We have a DELL R510 12-bay server (approx 15 months old) with 8xDell SAS 15k 600GB disks and 4xDELL Near-line SAS 7.2k 2TB disks. The Raid Controller is PERC 700 with slightly out-of-date firmware.
The RAID config is
VD0 = 4x600GB in RAID 10 (OS)
VD1 = 4x600GB in RAID 10 (Data)
VD2 = 2x2TB in RAID 1 (Files)
VD3 = 2x2TB in RAID 1 (Backups)
OS is Windows Server 2008 R2 and Hyper-V. We have a number of virtual servers with VHDs placed across the Virtual Disks.
Yesterday we observed one of the HDDs in the VD1 was blinking as errored. OK - not a big problem, we shutdown gracefully, replaced the phyiscal disk with a cold standby, set as a Hot Standy, attach it to the array and rebuild.

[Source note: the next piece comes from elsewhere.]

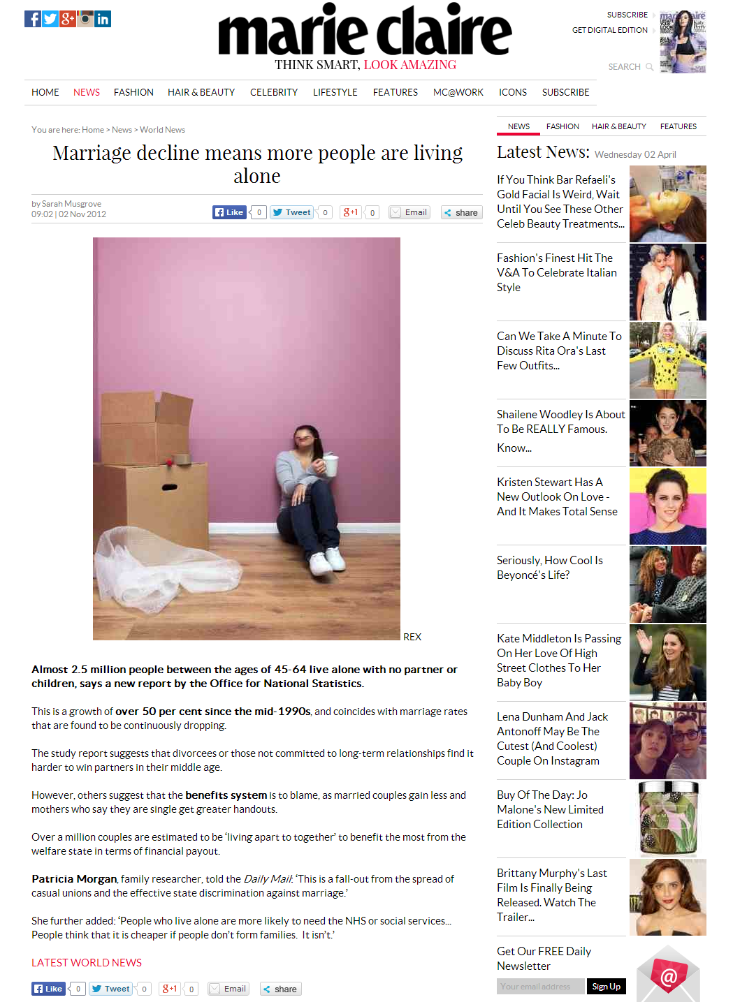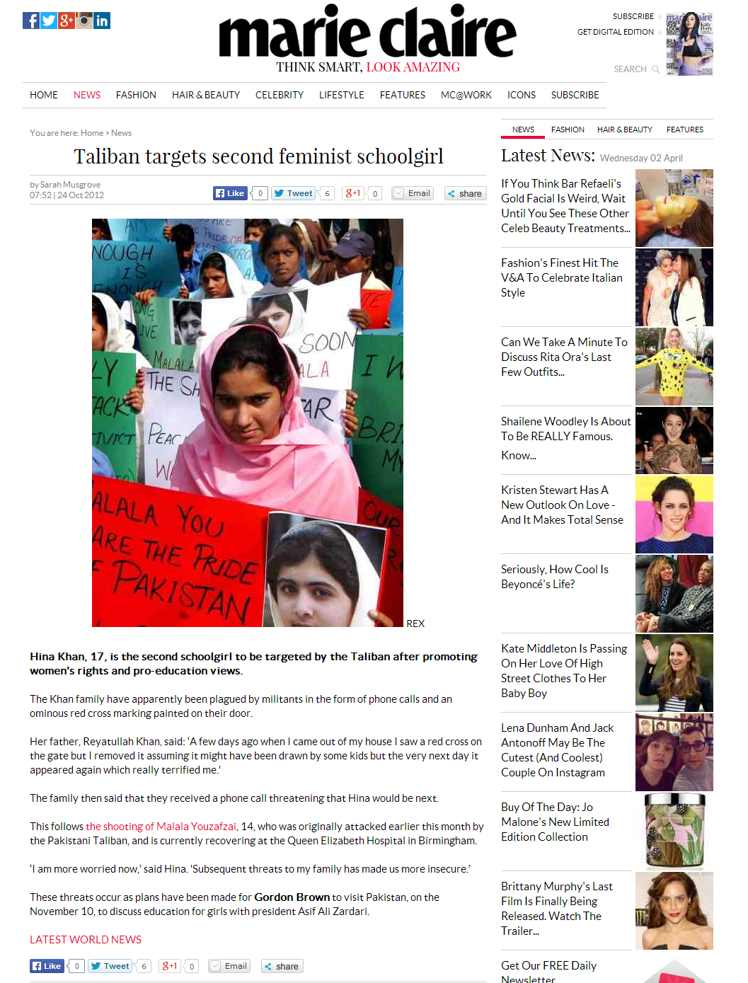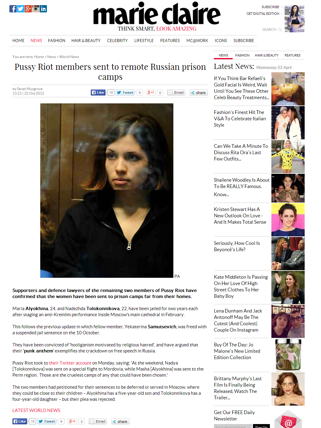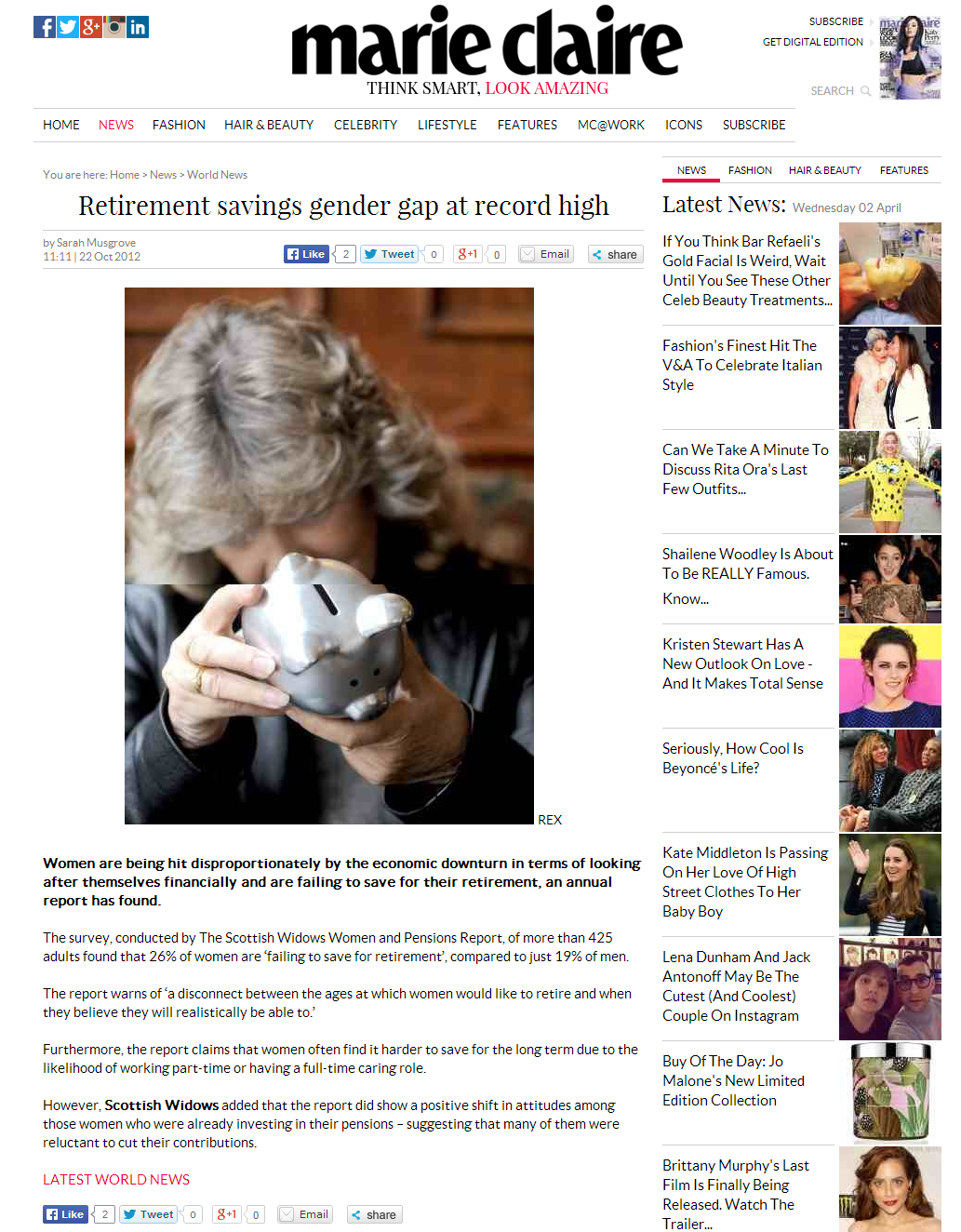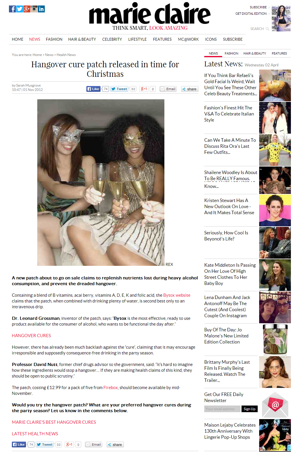 News stories written while on work experience on the Marie Claire Features desk.

On bringing the server up (which presented some other issues for a later post), there was severe corruption and data loss across the VD1 disk. Most of the files looked like they were there OK, but there were just far too many obvious corrupt file issues with Exchange/SQL/ file shares etc. that we decided to go through a full recovery process from backups. This was painful and time consuming but concluded fine.
Perviously we used good old RAID1 using cheapy disks and RAID through the standard Windows Server interface. Sure we lost some disks but we never lost any data. I thought we'd bolstered our resiliance using the advanced PERC/RAID setup with expensive Dell 15k disks, but it seems we have fallen at our first failure. I feel like we purchased an expensive airbag that worked at all times until the car crashed!
So we lost a day and there will no doubt be some more clean-up. I'm happy our backup strategy was fine as we lost virtually nothing bar a few middle-of-the-night spam emails in the end.
So here's the question: We simply can't afford a repeat of this with a single disk failure. Did we do something obviously wrong? We want to learn the lessons from this and would welcome any advice.